Vasundhara Oswal, the 26-year-old daughter of prominent Swiss-Indian industrialist
Pankaj Oswal, has found herself at the centre of a legal storm in Uganda.
Her father, a well-established business figure, is known for his diverse investments,
most notably a $150 million ethanol plant in Uganda.

This plant, the largest of its kind in East Africa, is a key part of Oswal’s broader strategy
to invest in industrial and eco-friendly solutions in the region. The facility produces extra-neutral alcohol (ENA), which is used in the beverage, cosmetics, and pharmaceutical industries.

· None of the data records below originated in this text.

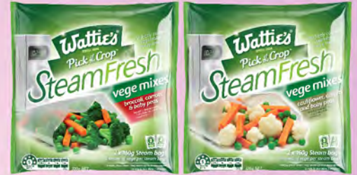
Wattie's Steam Fresh Vegetables Assorted 2 x 160g RM14.79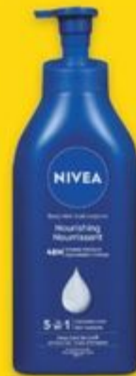
NIVEA HAND or BODY LOTION selected varieties 200-625 mL 20482737 EA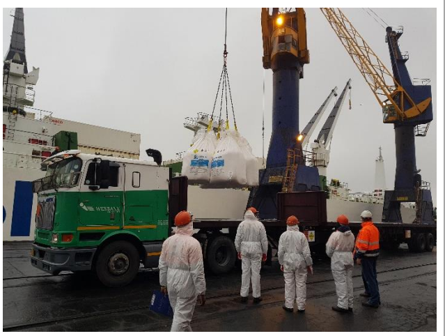
6. Shore cranes loading bags from a platform onto a truck.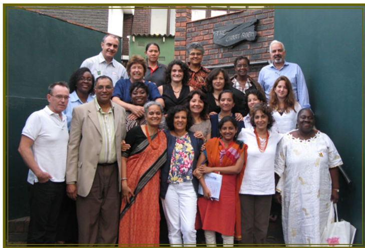
Group photo from the Learning Meeting in Durban.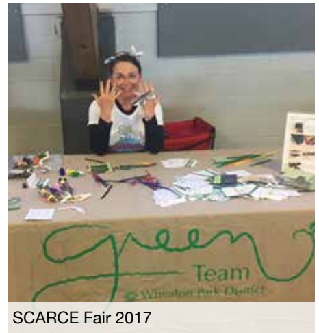
SCARCE Fair 2017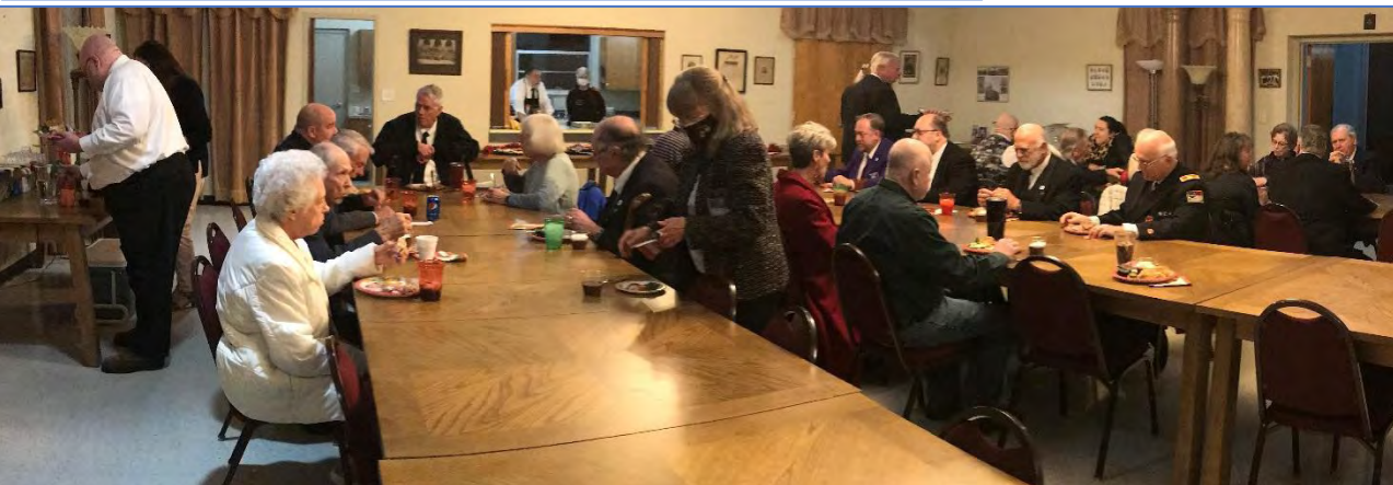
Families and guests of Durham #3 enjoy homemade refreshments after the Christmas Observance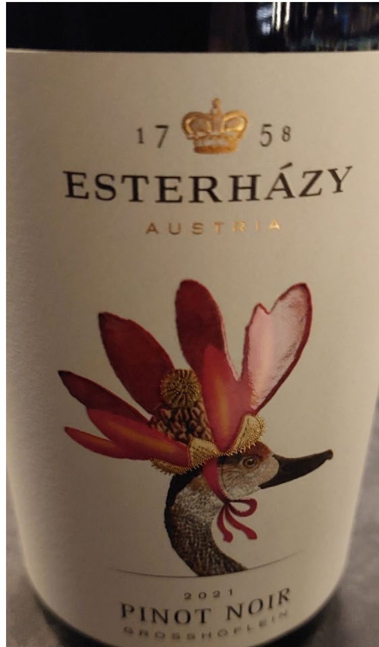
Elegant Pinot Noir 2021

ADDRESS: Esterházy Winery, Trausdorf, 7061 Trausdorf an der Wulka/Austria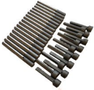
Ejector Rods & Heads: All standard machine sizes + custom rods/heads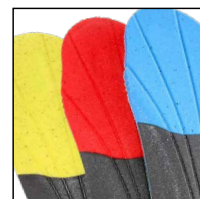
HAIX® Vario Wide Fit System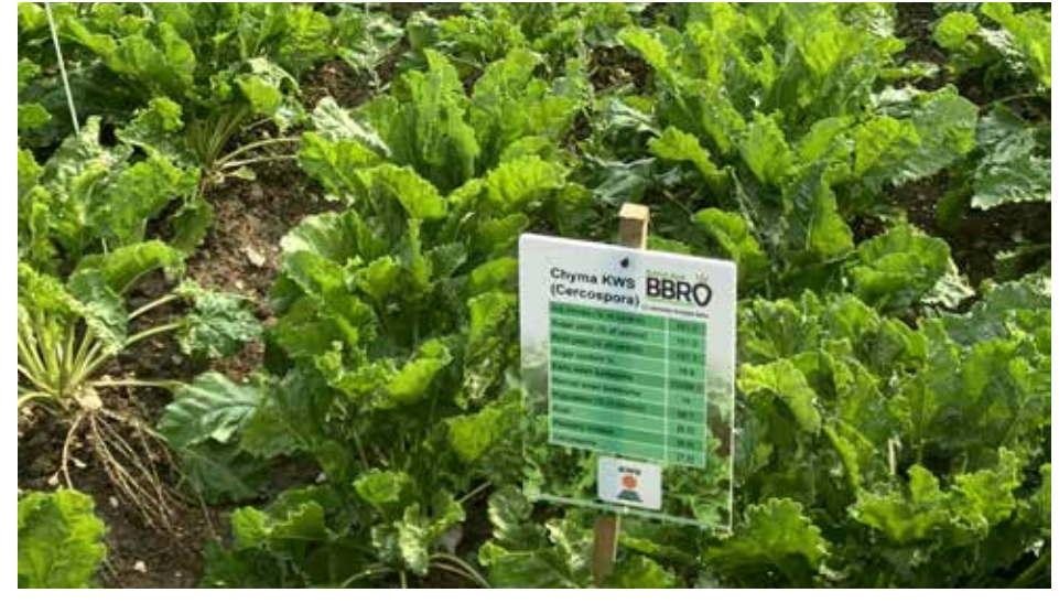
The 2025 sugar beet Recommended List includes the first cercospora-tolerant variety, Chyma KWS, which incorporates CR+ genetics.

Before varieties can be sold or considered for the RL, the Animal and Plant Health Agency (APHA) assesses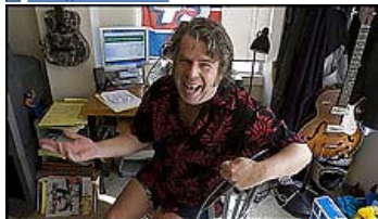
Mojo Nixon hosts "Outlaw Country" on Sirius from his San Diego bungalow.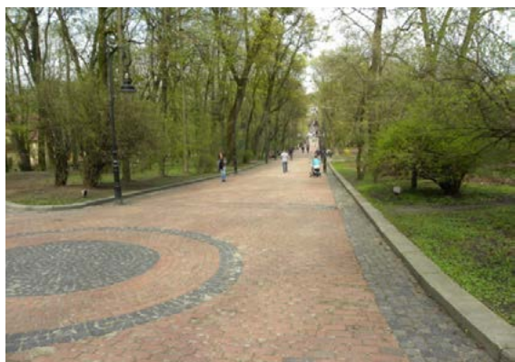
Fig. 6. The wide main avenue leading through Franki Park towards the Old Town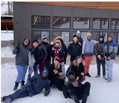
PYC Arts & Technology High School

Due to the COVID-19 pandemic, PCYC's normal educational, youth development and arts programming was either discontinued, moved to another location, or converted to distance learning formats in March 2020. Despite this disruption, the following results for the 2019-20 school year show that our programs and the youth we serve continued to thrive.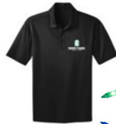
Port Authority Silk Touch Performance Polo From $28.99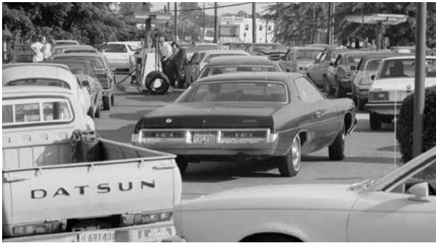
United States' support of Israel during the Arab-Israeli War led to an oil embargo. As a result, Americans experienced a gasoline shortage that led to rationing and an economic crisis relating to high prices, 1973.

Consider the history of the Middle East. One example was the creation of the State of Israel in 1948. How were diplomatic relationships carried out in the area? What role did the United States and Great Britain play? What were the long-term consequences for Israel? For diplomacy in the region? Or, students might be curious about the 1973 Arab-Israeli War and subsequent peace negotiations. What happened, and how did it impact the United States and other nations? What effect did these diplomatic relations have on the world economy?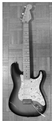
Figure 1: Fender Stratocaster

In 1949, bringing together certain experiments by stringed-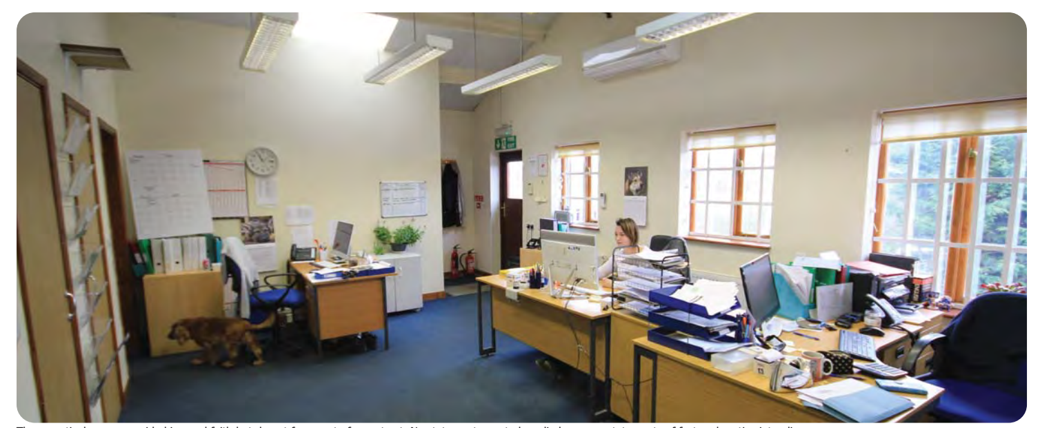
These particulars are provided in good faith but do not form part of a contract. No statements are to be relied upon as statements of fact and parties intending to rely upon the information for any purpose whatsoever must satisfy themselves by inspection or otherwise as to the correctness of each statement.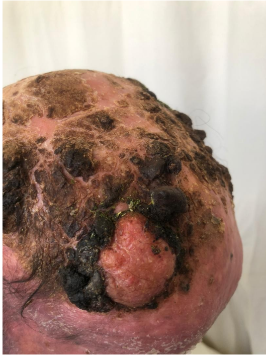
Figure 3: Multiple tumoral lesions present over the scalp including a 6 x 5 cm erythematous, firm and adherent lesion over the frontal part

It is recognised for its modern technology and sustainable practices, such as zero liquid
discharge, emphasising the Oswal family’s commitment to both industrial growth and
environmental responsibility.

In addition to the ethanol plant, Pankaj Oswal has made strategic investments across
various industries, including petrochemicals, agriculture, and real estate.
His ventures reflect a global reach, extending to Australia and India, where he has
been involved in industries ranging from agriculture to renewable energy.

His diversified business approach and commitment to sustainability have made him a prominent figure in international business. However, in October 2024, the family’s legacy was overshadowed by the legal troubles surrounding Vasundhara Oswal.

She was detained on October 1, 2024, after being accused of involvement in the
alleged murder of Mukesh Menaria, a former employee who had worked with the
Oswals since 2017.

Menaria had accused the family of harassment but later testified under oath that they
had not harmed him Despite this, charges of kidnapping and murder were brought against Vasundhara.

Her family has strongly denied these allegations, claiming that the charges are
politically motivated and part of a larger conspiracy orchestrated by their business rivals
in collaboration with corrupt officials in Uganda.

The Oswals have appealed to the United Nations, seeking intervention and asserting
that the legal proceedings against Vasundhara are unlawful. Vasundhara has actively managed the family business throughout her career, especially the ethanol plant, and led the company’s sustainable initiatives.

Beyond her business involvement, she has also been an advocate for community
welfare and mental health, further cementing the Oswal family’s reputation for corporate
social responsibility.

The unfolding legal drama has raised important questions about the intersection of
business, politics, and the legal systems in Uganda.

While the Oswal family’s ventures reflect a blend of industrial innovation and social
responsibility, the legal challenges Vasundhara faces have cast a shadow over their
business empire, highlighting the complex dynamics at play in East Africa.